ASSIGNED TASK: Quote the lines of the data below verbatim, beginning at the line that contains "La bergerie de l'abbaye." and ending at the last line, both included, and excluding pictures.

SOURCE DATA:

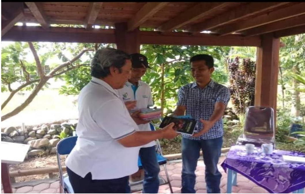
Menerima Buku pelatihan oleh anggota home industry
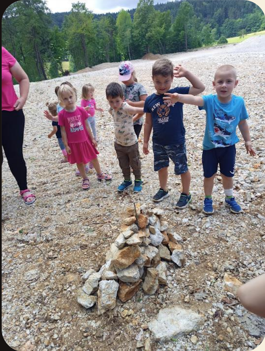
Igra z naravnimi materiali
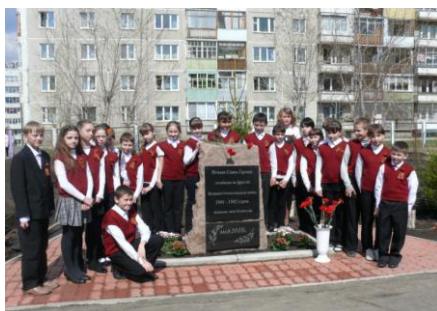
Рис. 4. На открытии памятного камня в честь Героев Советского Союза
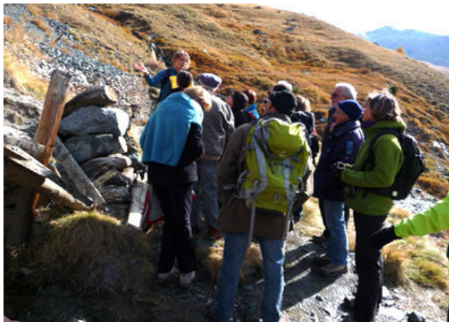
Sortie avec le Parc naturel régional du Queyras sur les pas des mineurs
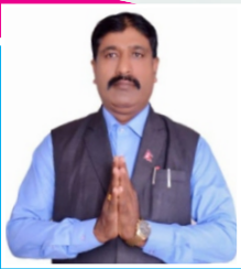
सहायक प्रमुख/प्रमुख उपायुक्त/प्रमुख
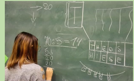
Wir rechnen, um ein Schild zu bauen.
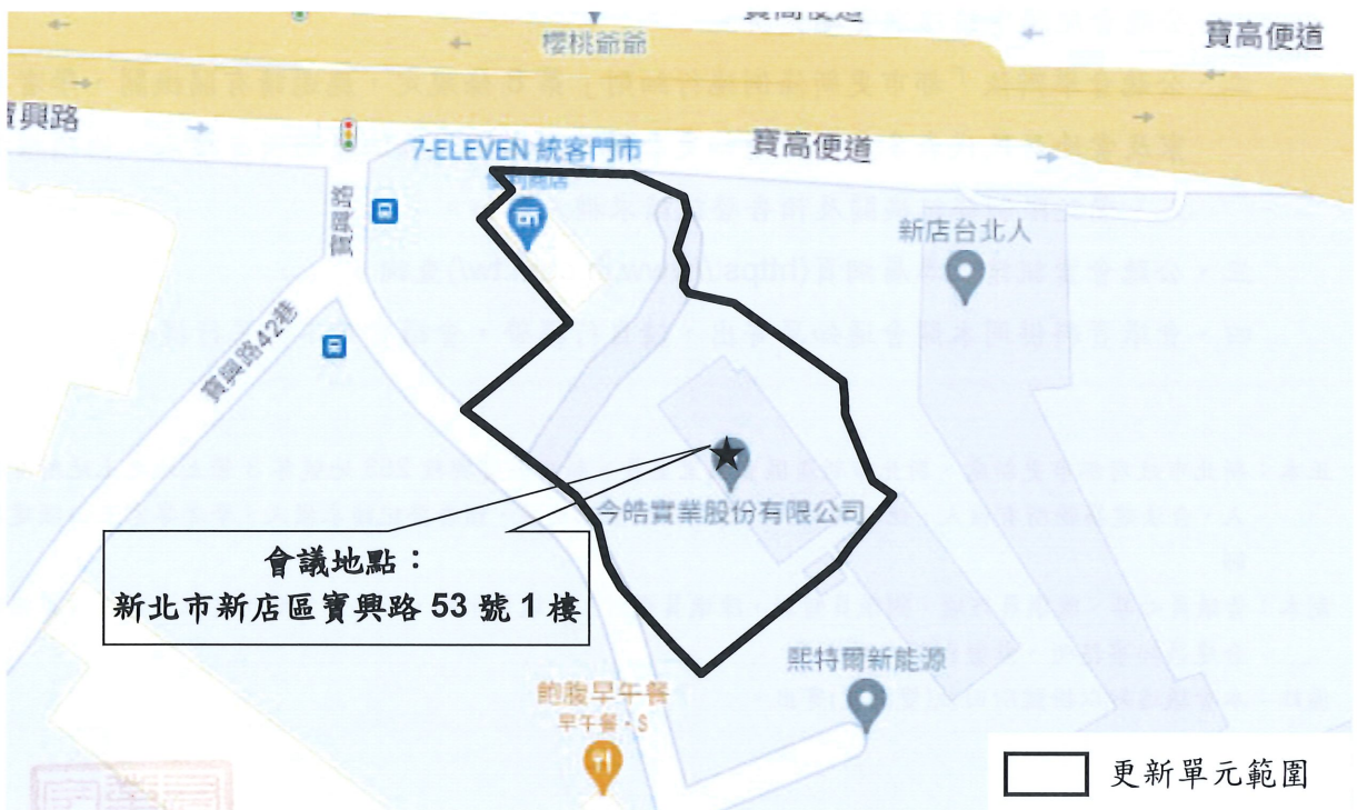
圖 2 開會地點位置示意圖
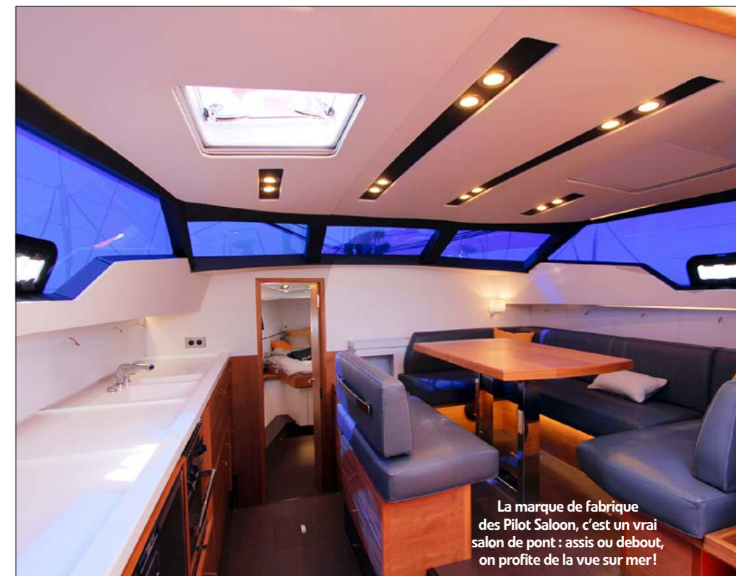
La marque de fabrication des Pilot Saloon, c'est un vrai salon de pont : assis ou debout, on profite de la vue sur mer!

« Carène soignée, gréement élancé, quille plomb en option, le PS 42 est aussi performant que confortable. »
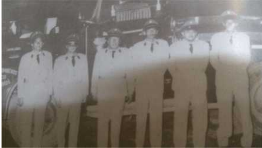
Figura 2. Antecedente Fotográfico

Fuente: GALLO, Martínez. Licenia. Tumaco ayer y hoy “por amor al arte”. San Andrés de Tumaco 2005.
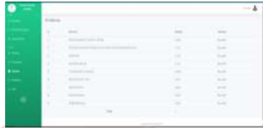
Gambar 11 Halaman Kriteria
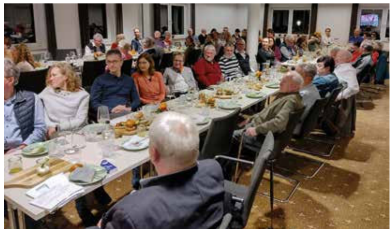
Der Festsaal war mit den Gästen gut gefüllt
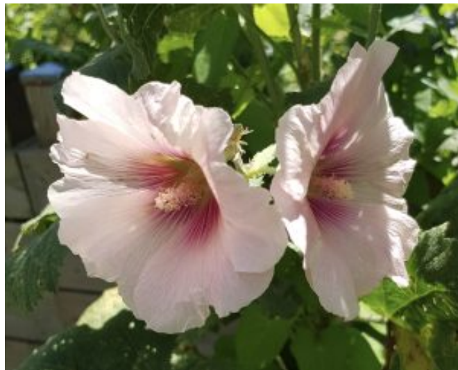
Rose trémière rose
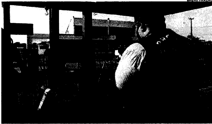
Procon investiga se aumento do preço da gasolina anunciado nos postos é abusivo
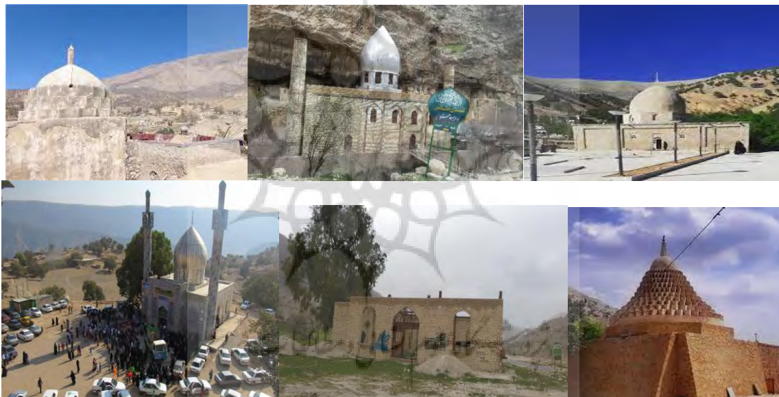
از راست به چپ

امامزاده علی(ع) - امامزاده حمزه(ع) - امامزاده سید الجلال الدین(ع) امام زاده محمود(ع) - امامزاده اسماعیل(ع) - امامزاده یحیی(ع)
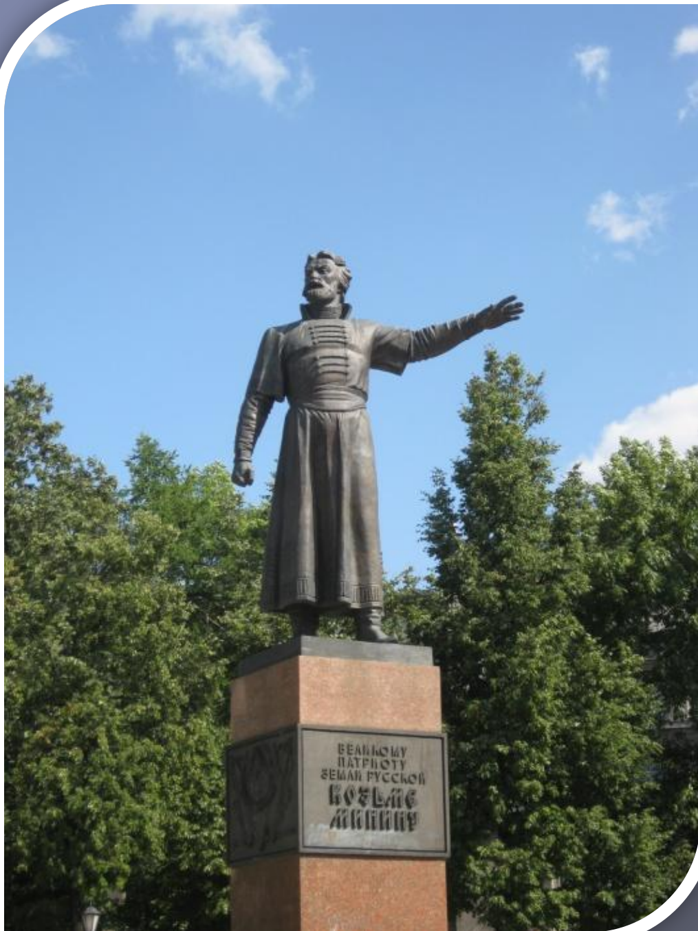
Памятник Минину в Нижнем Новгороде на площади Минину и Пожарскому
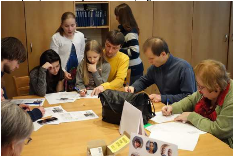
Maraton psaní dopisů (2017-12-17)
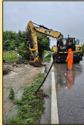
ALTRA PIOGGIA CRITICA E ALLAGAMENTI
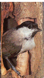
6 - LAUVMEIS
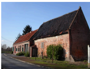
La bergerie de l'abbaye.
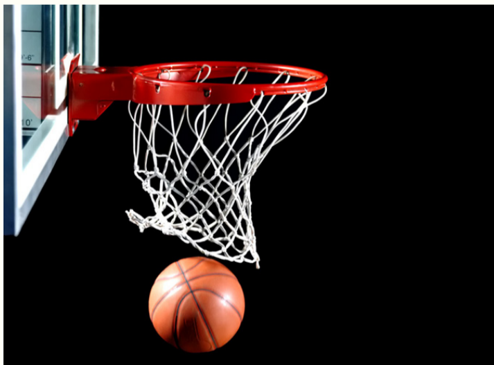
الأبطال - عمان

على أن تتأهل الفرق الحاصلة على المراكز الثلاثة الأولى من كل مجموعة إلى المرحلة الثانية، والتي تشهد دمج الفرق المتأهلة في مجموعة واحدة، تتنافس فيما بينها وفق نظام الدوري المجرى من مرحلة واحدة أيضاً، بهدف تحديد ترتيبها النهائي. ويتأهل إلى المرحلة الثالثة أصحاب المراكز الأربعة الأولى، حيث تقام مواجهات الدور نصف النهائي بنظام السلاسل القصيرة من ٣ مباريات، إذ يلتقي الأول مع الرابع، والثاني مع الثالث، ويتأهل إلى النهائي الفريق الذي يحقق انتصارين. وتختتم البطولة بإقامة الدور النهائي بنظام سلسلة من ٥ مباريات، يتوج باللقب الفريق الذي يسبق منافسه إلى تحقيق ثلاثة انتصارات، فيما يلتقي الفريقان الخاسران في نصف النهائي لتحديد المركز الثالث، ضمن سلسلة من ٣ مباريات، يحسمها الفريق الذي يحقق فوزين.

TASK OUTPUT:
La bergerie de l'abbaye.
الأبطال - عمان

على أن تتأهل الفرق الحاصلة على المراكز الثلاثة الأولى من كل مجموعة إلى المرحلة الثانية، والتي تشهد دمج الفرق المتأهلة في مجموعة واحدة، تتنافس فيما بينها وفق نظام الدوري المجرى من مرحلة واحدة أيضاً، بهدف تحديد ترتيبها النهائي. ويتأهل إلى المرحلة الثالثة أصحاب المراكز الأربعة الأولى، حيث تقام مواجهات الدور نصف النهائي بنظام السلاسل القصيرة من ٣ مباريات، إذ يلتقي الأول مع الرابع، والثاني مع الثالث، ويتأهل إلى النهائي الفريق الذي يحقق انتصارين. وتختتم البطولة بإقامة الدور النهائي بنظام سلسلة من ٥ مباريات، يتوج باللقب الفريق الذي يسبق منافسه إلى تحقيق ثلاثة انتصارات، فيما يلتقي الفريقان الخاسران في نصف النهائي لتحديد المركز الثالث، ضمن سلسلة من ٣ مباريات، يحسمها الفريق الذي يحقق فوزين.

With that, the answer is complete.